======== INPUT DATA ========

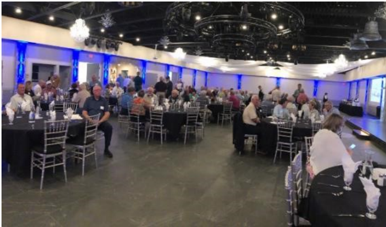
The party scenes at the Royal Cliff Event Center
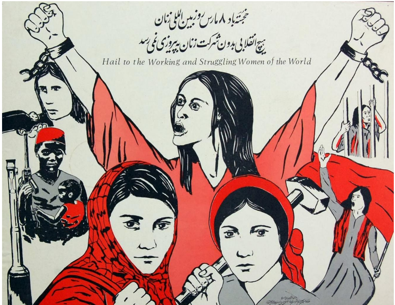
“Hail To the Working and Struggling Women of the World.” Published by the Iranian Students Association in the U.S. (Berkeley, CA). Circa 1979.

antithesis is not functioning in the same way anymore. I don't know whether this can be translated into an actual world-view that could be persuasively explained to organize international solidarity, coalitions, and movements, but I think there is at least a possibility. As bad as things are, and they really are terrible, I'm seeing some glimmers of possibility and that's one of them.
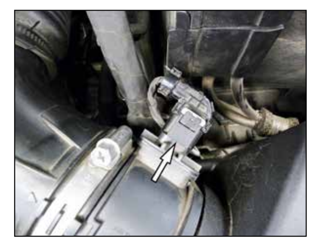
3. Disconnect the mass air sensor electrical connection.
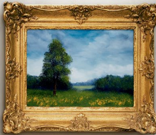
"THE OTHER FIELD" EDWARD HOPPER 1966

IT'S NOT ABOUT BEING THERE. IT'S ABOUT BEING AWARE.

========

• **ASSIGNMENT**
Retype only the lines from the one with "antithesis is not" through the final line of the entries, please, and keep the pictures out.

• **REPLY**
antithesis is not functioning in the same way anymore. I don't know whether this can be translated into an actual world-view that could be persuasively explained to organize international solidarity, coalitions, and movements, but I think there is at least a possibility. As bad as things are, and they really are terrible, I'm seeing some glimmers of possibility and that's one of them.
3. Disconnect the mass air sensor electrical connection.
"THE OTHER FIELD" EDWARD HOPPER 1966

IT'S NOT ABOUT BEING THERE. IT'S ABOUT BEING AWARE.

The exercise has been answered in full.